APPENDIX
ANNOTATIONS
[1]—page 3.] The legend of the Wandering Jew first appeared in the thirteenth century, in the chronicle of Matthew of Paris, who professes to have received his information from an Armenian bishop to whom the hero had himself communicated the events. According to this version, he was a servant in the house of Pilate, named Cartaphilus, and gave Christ a blow as He was dragged out of the palace to execution. Another and perhaps more familiar version, probably of the fifteenth century and of German origin, states that he was a shoemaker named Ahasuerus. As Jesus bore His cross along the via dolorosa, staggering with pain and weakness, He leaned for a moment against the doorway of the rude shopkeeper, who, with cursing and bitterness, ordered him to “go on.” The sufferer looked upon him and said: “I go, but tarry thou till I come!” From that awful moment he found life a burden and death an impossibility. From time to time he was able to rejoice in gray hairs and a stooping form, but regularly these indications of the end would vanish, and clothed again in the form of youth, he felt the look and heard in his soul the dread voice bidding him wander on and on forever. All versions agree touching the verdict of Christ, that he should wander on earth till the Second Coming.

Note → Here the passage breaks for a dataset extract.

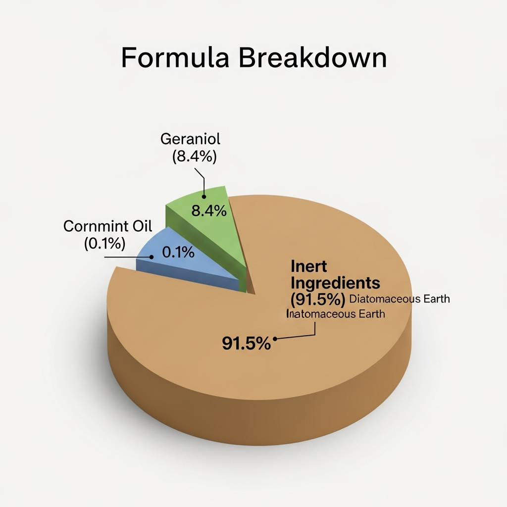 Let's look at the science behind why this specific blend works so well. Instead of relying on harsh synthetic neurotoxins to kill adult fleas, this formula uses a potent, plant-based approach. I noticed the primary active ingredients are steam-distilled essential oils: Geraniol (8.4%) and Cornmint Oil (0.1%). These natural extracts penetrate the exoskeletons of pests and kill fleas, ticks, and even ants on contact.

In its deepest import, “the tradition is simply a wonderful picture of a people—a people forever suffering and yet undying; forever doomed to wander; without a home or any fixed abiding-place; safe nowhere, and yet immortal; trampled and beaten; robbed and persecuted, and yet, strangely, living and flourishing in spite of all. The most vigorous, virile, and healthful people under the sun; the bravest and most enduring in battle or siege; the most patriotic and loyal of all peoples, they stedfastly, through all their wanderings and sorrows, cling to a land which is but a memory or a dream.”
In this story, Dr. Croly adds to the typical traditions, peculiar features of his own. Having such a hold on popular imagination, the Wandering Jew has figured very largely in fiction, particularly in the works of A. W. Schlegel, Klingemann, Béranger, Eugene Sue, Hans Christian Andersen, and others.
[2]—page 11.] The Mount of Corruption lay to the south of Jerusalem, across the Valley of Hinnom. Its summit looks down upon the spot in connection with which the Jewish ideas of the future life of the wicked were formed. The valley, named, according to Dean Stanley, from “some ancient hero, the son of Hinnom,” is first mentioned in Joshua (xv. 8; xviii. 16), in marking out the boundary-line between Judah and Benjamin. Solomon erected high places there for Moloch (1 Kings xi. 7), whose horrid rites were revived by later idolatrous kings. Ahaz and Manassah made their children “pass through the fire” in this valley (2 Kings xvi. 3; 2 Chron. xxviii. 3; xxxiii. 6); and the fiendish custom of sacrificing infants to the fire-gods seems to have been kept up for some time in Tophet, its southeastern extremity (Jer. vii. 31; 2 Kings xxiii. 10). To put an end to these abominations, Josiah polluted the place to render it ceremonially unclean (2 Kings xxiii. 10, 13, 14; 2 Chron. xxxiv. 4, 5), and it became the common cesspool of the city, and the laystall where all the solid filth was collected.